- **Given records**:

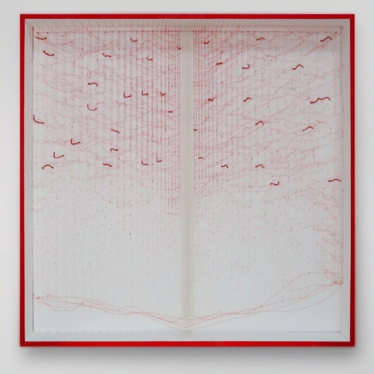 없던 방을 만들었다. 그리고 그 안에 안정적으로 훅을 고정한 뒤 와이어를 묶는다. 위로 아래로 반복되는 작업을 하며 잡념이 사라지는 구간에 돌입했다. 섬유 구조물을 외부에 노출시킨 기존 작업을 틀 안에 넣어 압축된 형상을 만들고 밀도를 올린다. 그리고 생에 첫 방문을 열며 번져가는 웃음을 참을 수 없던 나의 얼굴처럼 팽팽히 간격을 유지한 선들이 정갈히 줄지어 드로잉이 되어간다. 투명아크릴로 그 전체 틀을 덮어 마감한 순간, 오래간 실랑이를 벌여오던 나의 설치과정이 초대하는 사람과 스태프의 입장에서 얼마나 큰 부담이었을지를 깨닫는다.
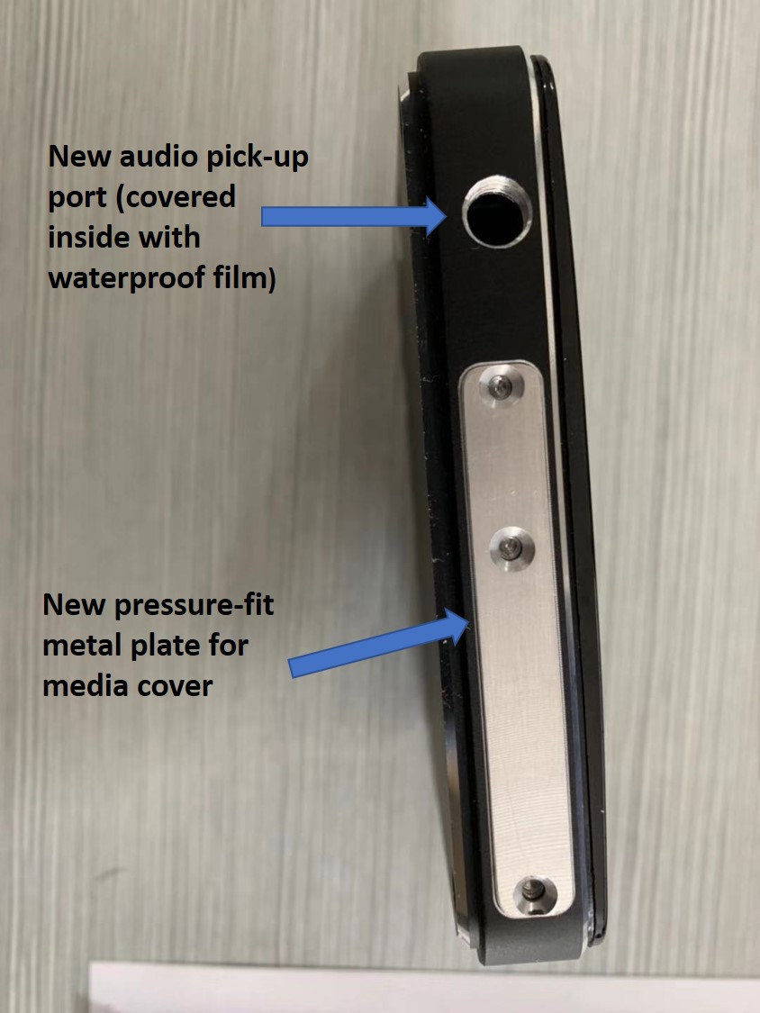 The original module housing used a weather resistant silicone flap on the top edge to hide the (reserved use/power only) micro-USB port, micro-SD slot, and a small pinhole audio pick-up.
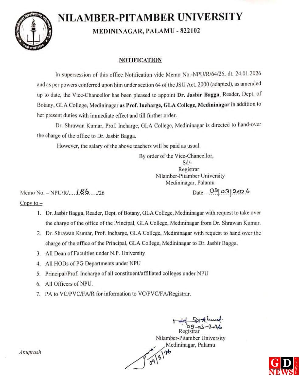 जिला संवाददाता अंकित कुमार लाल मेदिनीनगर। नीलांबर-पीतांबर विश्वविद्यालय के कुलपति के निर्देश पर मेदिनीनगर स्थित जीएलए कॉलेज डाल्टनगंज में प्रशासनिक स्तर पर महत्वपूर्ण बदलाव किया
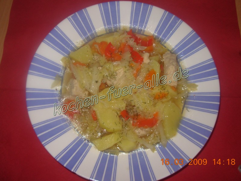 Fertige Speise mit Dill servieren.
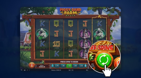 Het speelveld van Piggy Bank Farm heeft vijf rollen en vier rijen. Over deze twintig symbolen staan vijftig vaste winlijnen verdeeld, die allemaal van links naar rechts werken en minimaal drie symbolen op rij nodig hebben. Alle combinaties in beeld worden opgeteld voor een overzicht van de winst uit die spin. De boer werkt mee als wildsymbool, die alle andere symbolen vervangt. Door een hamer op de laatste rol te zetten, begint de speler de Piggy Bank Spins; dit kan op ieder moment (en is in het begin wat vreemd, omdat het lijkt alsof er een derde scatter aan zit te komen).
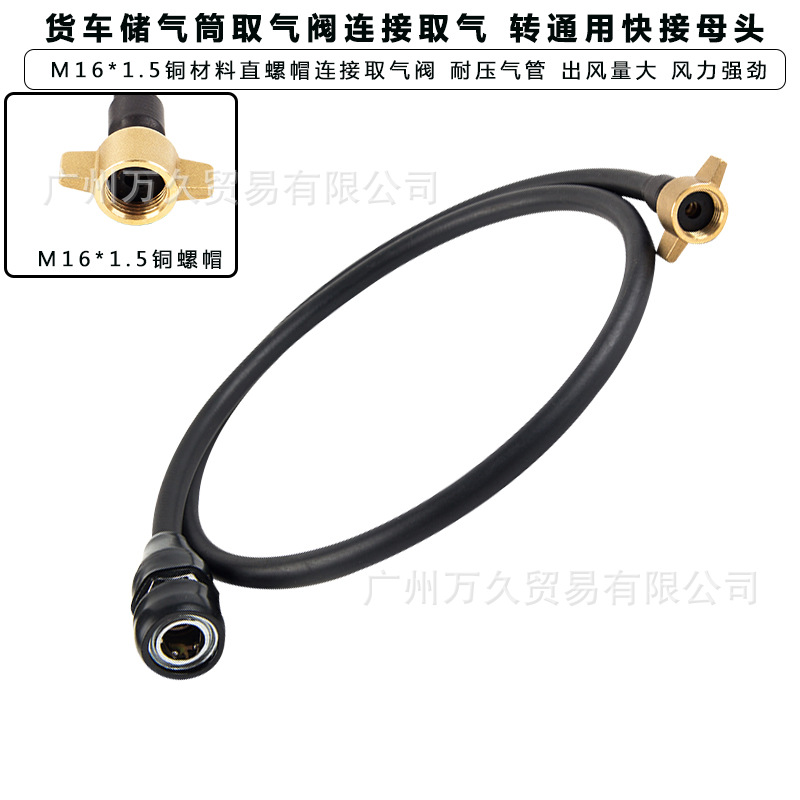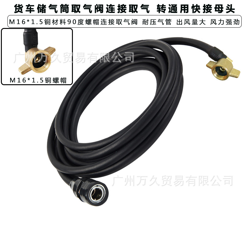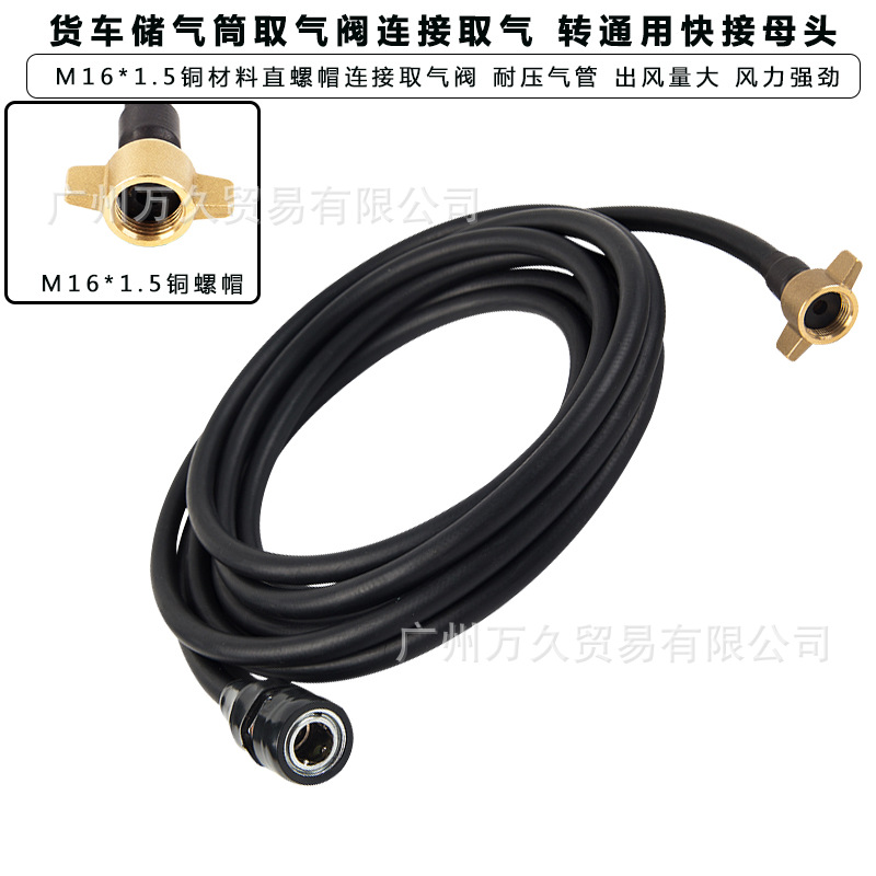 1.采用耐高压橡胶管,三层材料,防冻,不发硬,耐压高达18公斤,同时采用一体成型结构快接SP20通用大接母头,全防护套,耐用度高,一端M16*1.5铜螺帽直接连接货车取气阀。

- **Assignment**: Lines from the one that holds "The original module" through the final line of the material are to be duplicated exactly; no pictures belong in the copy.

- **Task response**:
 The original module housing used a weather resistant silicone flap on the top edge to hide the (reserved use/power only) micro-USB port, micro-SD slot, and a small pinhole audio pick-up.
 जिला संवाददाता अंकित कुमार लाल मेदिनीनगर। नीलांबर-पीतांबर विश्वविद्यालय के कुलपति के निर्देश पर मेदिनीनगर स्थित जीएलए कॉलेज डाल्टनगंज में प्रशासनिक स्तर पर महत्वपूर्ण बदलाव किया
 Fertige Speise mit Dill servieren.
 Het speelveld van Piggy Bank Farm heeft vijf rollen en vier rijen. Over deze twintig symbolen staan vijftig vaste winlijnen verdeeld, die allemaal van links naar rechts werken en minimaal drie symbolen op rij nodig hebben. Alle combinaties in beeld worden opgeteld voor een overzicht van de winst uit die spin. De boer werkt mee als wildsymbool, die alle andere symbolen vervangt. Door een hamer op de laatste rol te zetten, begint de speler de Piggy Bank Spins; dit kan op ieder moment (en is in het begin wat vreemd, omdat het lijkt alsof er een derde scatter aan zit te komen).
 1.采用耐高压橡胶管,三层材料,防冻,不发硬,耐压高达18公斤,同时采用一体成型结构快接SP20通用大接母头,全防护套,耐用度高,一端M16*1.5铜螺帽直接连接货车取气阀。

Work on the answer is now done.